Drugs for Preventing and Treating Asthma

ByVictor E. Ortega, MD, PhD, Mayo Clinic;
Manuel Izquierdo, DO, Wake Forest Baptist Health
Reviewed/Revised Mar 2022 | Modified Sept 2023
VIEW PROFESSIONAL VERSION

Drugs allow most people with asthma to lead relatively normal lives. Most of the drugs used to treat an asthma attack can be used (often in lower doses) to prevent attacks. (See also Asthma.)

Therapy is based on two classes of drugs:

  • Anti-inflammatory drugs

  • Bronchodilators

Anti-inflammatory drugs suppress the inflammation that narrows the airways. Anti-inflammatory drugs include corticosteroids (which can be inhaled, taken by mouth, or given intravenously), leukotriene modifiers, and mast cell stabilizers.

Bronchodilators help to relax and widen (dilate) the airways. Bronchodilators include beta-adrenergic drugs (both those for quick relief of symptoms and those for long-term control), anticholinergics, and methylxanthines.

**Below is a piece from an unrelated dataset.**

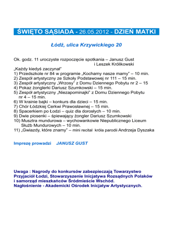 ŚWIĘTO SĄSIADA - 26.05.2012 - DZIEŃ MATKI Łódź, ulica Krzywickiego 20 Ok. godz. 11 uroczyste rozpoczęcie spotkania – Janusz Gust i Leszek Królikowski „Każdy kiedyś zaczynał” 1) Przedszkole nr 84 w programie „Kochamy nasze mamy” – 10 min. 2) Zespół artystyczny ze Szkoły Podstawowej nr 111 – 15 min. 3) Zespół artystyczny „Wrzosy” z Domu Dziennego Pobytu nr 2 – 15 4) Pokaz żonglerki Dariusz Szumkowski – 15 min. 5) Zespół artystyczny „Niezapominajki” z Domu Dziennego Pobytu nr 4 – 15 min. 6) W krainie bajki – konkurs dla dzieci – 15 min. 7) Chór Łódzkiej Cerkwi Prawosławnej – 15 min. 8) Spacerkiem po Łodzi – quiz dla dorosłych – 10 min. 9) Dwie piosenki – śpiewający żongler Dariusz Szumkowski 10) Musztra mundurowa – wychowankowie Niepublicznego Liceum Służb Mundurowych – 10 min. 11) „Gwiazdy, które znamy” – mini recital króla parodii Andrzeja Dyszaka Imprezę prowadzi JANUSZ GUST Uwaga : Nagrody do konkursów zabezpieczają Towarzystwo Przyjaciół Łodzi, Stowarzyszenie Inicjatywa Rozsądnych Polaków i samorząd mieszkańców Śródmieście Wschód. Nagłośnienie - Akademicki Ośrodek Inicjatyw Artystycznych.

Other types of drugs that directly alter the immune system (called immunomodulators) are sometimes used for people with severe asthma, but most people do not need immunomodulators.

Beta-Adrenergic Drugs

Short-acting beta-adrenergic drugs

Short-acting beta-adrenergic drugs are usually the best drugs for relieving asthma attacks. They also are used to prevent exercise-induced asthma. These drugs are referred to as bronchodilators because they stimulate beta-adrenergic receptors to widen (dilate) the airways. Bronchodilators that act on all beta-adrenergic receptors throughout the body (such as epinephrine

Quick medical attention should be sought when a person who has asthma feels the need to use more of a beta-adrenergic drug than is recommended. The need for extra use, particularly continuous use, indicates worsening bronchoconstriction, which can be dangerous, possibly risking even respiratory failure and death.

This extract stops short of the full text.